In common with many guidelines producers, the WHO uses the GRADE methods to assess the quality of a body of evidence (24). This addresses a key aspect of the review findings: how confident are we that our estimate of the effectiveness of a given intervention lies close to the actual effect? This is crucially important if we are not to place undue emphasis on the direction or magnitude of any reported effect without any consideration of the extent to which we can be confident that this accurately reflects the true effect. The GRADE system differs from other quality-grading systems in a number of key areas:

Grading of the quality of a body of evidence is ordered by outcome rather than by study. This is much more meaningful to most readers of reviews who are primarily interested not in the underlying studies but in what they are collectively able to say about the effect on the preferred outcomes (e.g., survival, symptom control, etc.).
Grading is not wholly determined by the nature of the study. In other systems, quality is rigidly determined by this, but using GRADE it is possible both to downgrade the quality rating from RCTs in particular circumstances but also to upgrade evidence from observational studies.
Grading decisions are transparent, so that the reader can independently judge whether they are justified.

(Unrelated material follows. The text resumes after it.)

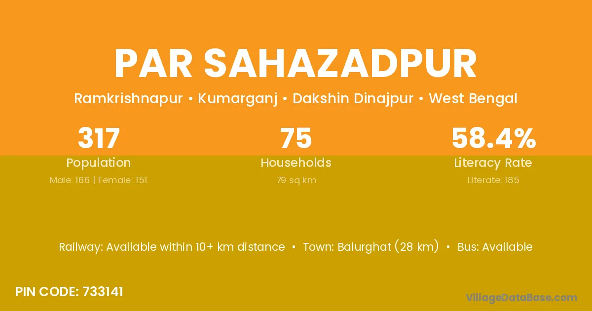 Balurghat (28 km) is the nearest town to Par Sahazadpur village for major economic activities and is located approximately 28 km away.

The GRADE approach provides 4 easily understandable ratings: high, moderate, low, and very low. High-quality evidence indicates that the review authors are very confident that the true effect estimate lies close to the estimated treatment effect. For moderate, low, and very low quality evidence, this confidence is reduced incrementally and the likelihood that the two are substantially different increases.

Randomized studies start with a high grading but can be downgraded if the studies that reported on the outcome in question had a high risk of bias (internal validity), indirectness, inconsistency of results, or imprecision, or where there is evidence of reporting bias. Indirectness, sometimes referred to as a measure of external validity, may relate to different populations; the nature, dose, or route of administration of the intervention or comparison; or the outcomes of interest. For each question, or comparison, no more than 7 outcomes are prespecified, and for each of these an assessment of the quality of evidence is made, alongside the results of the review. These can be presented as a summary of findings table or evidence profile. The GRADE working group has recently published a series of articles in the Journal of Clinical Epidemiology that provide a more detailed description of the GRADE methods (22).

What Have We Learned during the Process and How Could This Inform Future Work?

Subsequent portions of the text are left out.